Listening to his songs, you might get an image of Capaldi as a brooding balladeer with a woe as wide as the Scottish moors. But Capaldi’s public persona is way less sad-sack than relatable goofball king. His social media pages are filled with self-deprecating jokes (“I’M MY OWN FAVOURITE ONE HIT WONDER,” he tweeted last fall), gleeful quips about bowel movements, and selfies taken at pointedly unflattering angles. He plastered one such photo on a big ad in a London subway stop to promote Divinely Uninspired, complete with a quote of dubious praise credited to himself: “The Scottish Beyoncé on a London Underground billboard. Finally famous.” Earlier this year, during a red carpet interview, Capaldi elegantly compared his first Grammy nomination to the bloated satisfaction of smashing an entire plate of chicken parmesan.

On the surface, there seems to be a disconnect between the heartache in Capaldi’s music and his sense of humor, which might appear relegated to the wry phrase he chose for his debut album’s title. But Capaldi sees less of a chasm there. “I’m trying to not make myself out to be an angel,” he says. “When you’re accepting that you’re maybe not the best and easiest person to love back, you have to have a sense of humor about it. Otherwise the songs would be way too closed-off. If you’re honestly going to analyze your own shortcomings as someone in a relationship, you have to have a laugh at yourself.”

Capaldi spent his first few weeks in lockdown doing a whole lot of nothing. Writing songs felt trivial and futile in the middle of the pandemic, a sensation surely heightened by the fact that both of his parents were leaving the house each morning with masks on, since both are deemed essential workers: his father works in food distribution and his mother is a nurse.

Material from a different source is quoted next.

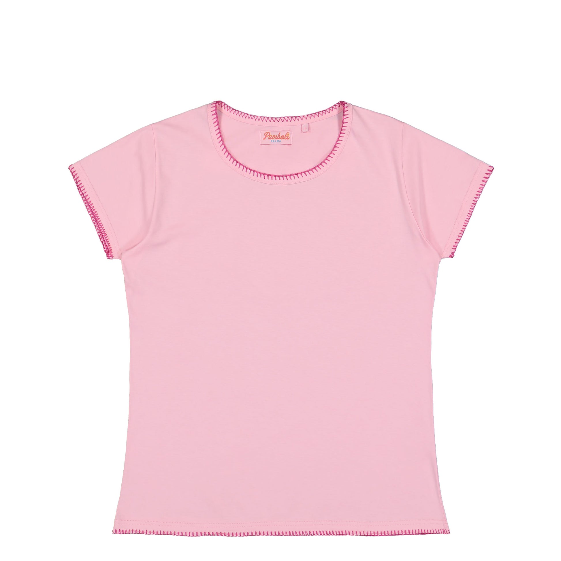 Rosé T-Shirt with embroidered edges in pink

“Obviously you worry for them going out, but it’s just that thing of like, you have to,” Capaldi says. “My mum has to do it, and that’s her view of it: ‘This is my job and this is what I do.’ I think if she was more panicked, or my dad was, I probably would be a bit more worried, but their demeanor has been quite reassuring to me.”

After a few weeks of being unsure of what to do with himself, he started to think about the several years’ worth of snippets and half-ideas he had recorded on his phone, then tried fleshing them out during virtual songwriting sessions with people in Los Angeles or London. He found a fresh comfort in working from home that he hadn’t expected, like the simple act of taking a 10-minute break to just putter around his house when he got stuck on a melody. He’s been listening to Australian rock bands like the DMA’s and Ball Park Music, as well as childhood favorites like Green Day and the Strokes — a quarantine diet that, combined with his desire to inject more pace into his live sets, has led to songs that are much faster than those on Divinely Uninspired. “Like, still really sad, but fast,” Capaldi quips. “Like you’re crying, but you’re running while you do it.”

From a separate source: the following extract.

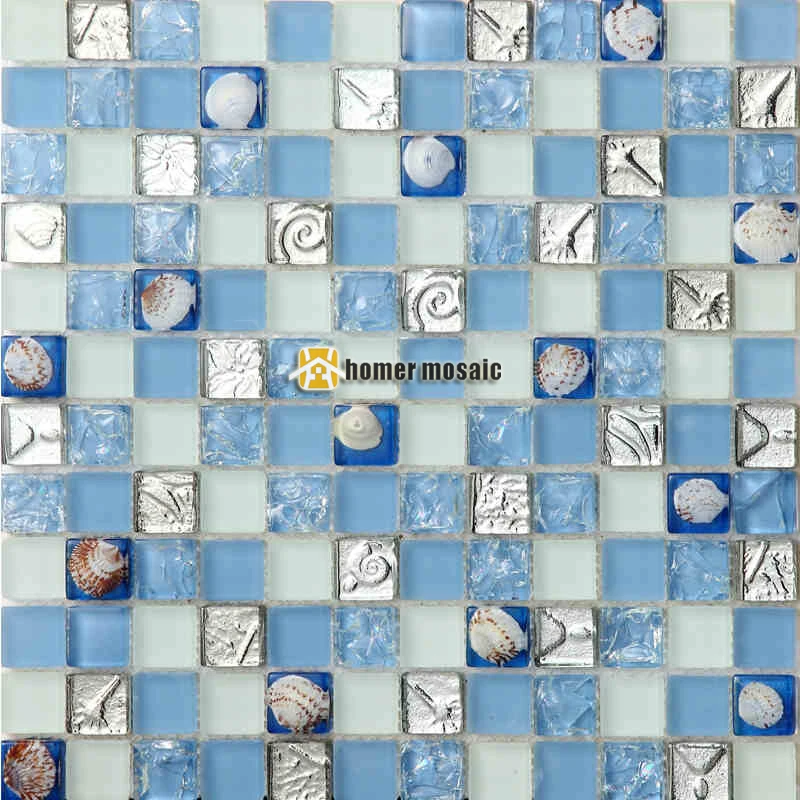 Light Blue Crystal Glass Mixed Sea Shell Mosaic Tiles Ehgm1053a

Most crucially, staying home has given Capaldi the space to reflect on the whirlwind of the past two years and bring those experiences to his music.

“I’ve been writing songs about specific nights that I’ve had on tour and people I’ve met during my travels,” he says. “Don’t get me wrong, a lot of [the new] songs are still about how girls don’t like me — but how maybe an Australian girl doesn’t like me, as opposed to one from Glasgow. I’ve found in my travels that I am equally repulsive to women halfway around the world as I am to them in my hometown, which is a heartwarming thing.”